The artifact. The output is a prompt you can read, edit, and carry to any model, not a LoRA welded to one base.

The recommended build, in primitives the literature already verified

Nothing in the build below is new science. It is a composition of pieces every previous chapter introduced: GEPA's reflective mutation and Pareto frontier, DRPO's tuning-free prompt search, MT-Bench-style LLM-judge calibration, and Chatbot Arena's pairwise-to-Elo aggregation. The novelty is in the recipe and in naming the failure mode.

The build · Option 1

Generator: a frontier API model (the best voice, no fine-tune, no distill).
Engine: a GEPA/DRPO-style reflective prompt search.
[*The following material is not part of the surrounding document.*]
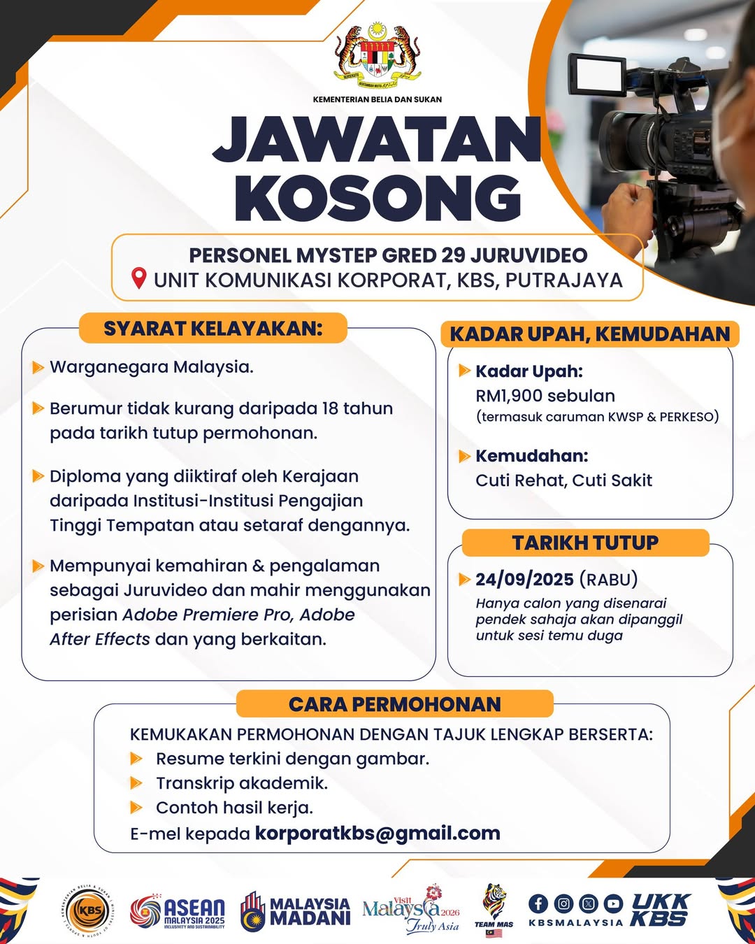 Iklan Kini Jawatan Kosong Kementerian Belia dan Sukan (KBS) Like serta Ikut Facebook Kami, follow Chanel WhatsApp Jawatan Kosong & Telegram Portal SPA9 untuk capaian pantas kekosongan jawatan daripada kami sekarang. Klik Iklan Disini

Reuse an existing optimizer (DSPy's GEPA implementation); do not rebuild genetic operators.
Search space: a distilled style rubric jointly optimized with a selected set of the user's real writing as exemplars - the MIPROv2 lesson, with register-matched exemplars per request (README voice is not texting voice).
Fitness signal: never a 1–10 score. Pairwise clicks → Elo, with an LLM judge calibrated against the human clicks. Active sampling spends the user's clicks where the judge is least sure; held-out prompts catch the judge gaming the system.
Selection: Pareto over (voice fidelity, task fidelity, length, safety) so a single objective cannot eat the others.
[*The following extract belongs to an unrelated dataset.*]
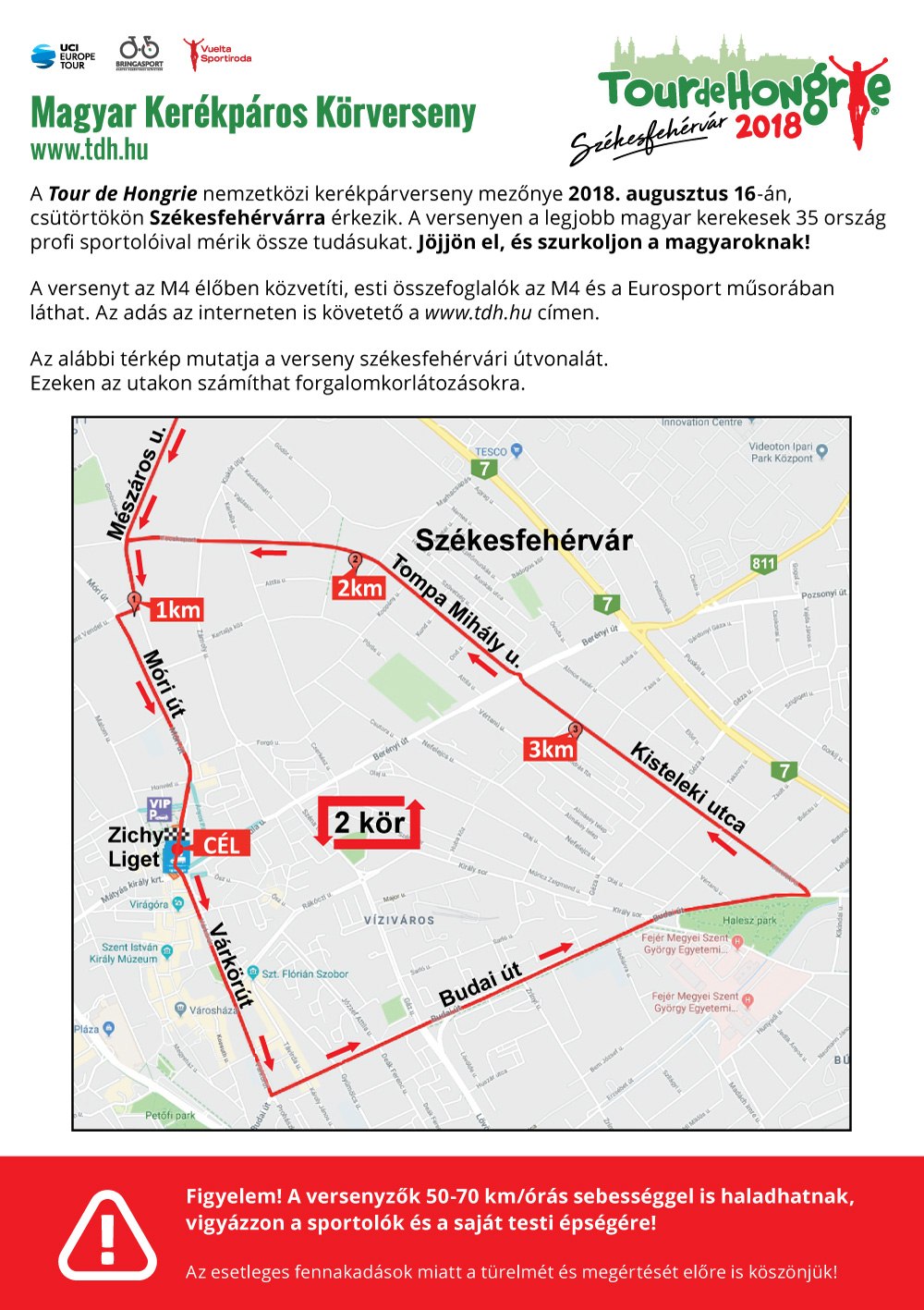 A Tour de Hongrie 2. szakasza során úgynevezett mozgó útzár kíséri a kerékpáros karavánt, ami rövid ideig tartó, időszakos lezárásokat jelent a teljes útvonalon. A célterületen, Székesfehérváron 2018. augusztus 16-án csütörtökön útlezárásokra, forgalmi változásokra kell számítani.

That fitness signal is the only genuinely new component, so it is worth feeling. Click which rewrite sounds more like a single coherent voice; an Elo ranking emerges from nothing but binary choices. This is the loop running inside step 4 of the build.

Interactive · pairwise → Elo pick the one that sounds like a person

The villain, named

The same Goodhart attractor from earlier returns here as judge-drift. If the LLM judge is the loop's fitness function, the search will eventually find prompts that please the judge in ways the user would not endorse. The literature already gives three mitigations and they all stack:

Pareto selection over multiple objectives, so the search cannot collapse to one. GEPA does this natively.
Periodic human-pairwise re-calibration of the judge, the same loop DRPO and Chatbot Arena use to keep their signals honest.
Held-out audit prompts the judge never sees during search, so reward-hacking is detectable instead of invisible.

What this resolves

The reader's original instinct - train a small model on my writing - was not wrong. It was a real and valid Chapter 3 node, and the QLoRA paper made it practical for someone with one consumer GPU. But the convergence the course has been tracking changes the answer. Optimizing the context can now rival optimizing the weights, far cheaper, with an artifact you can read, port, and audit. The voice tool is the same idea as the reader's 2019-era plan, executed on the lever the field has spent four years sharpening into the better one.

One sentence

For three years we learned to align models by training them. Then we learned we could often get there by writing a better prompt. So to rewrite text in your own voice, the right move is not to train anything at all. It is to search.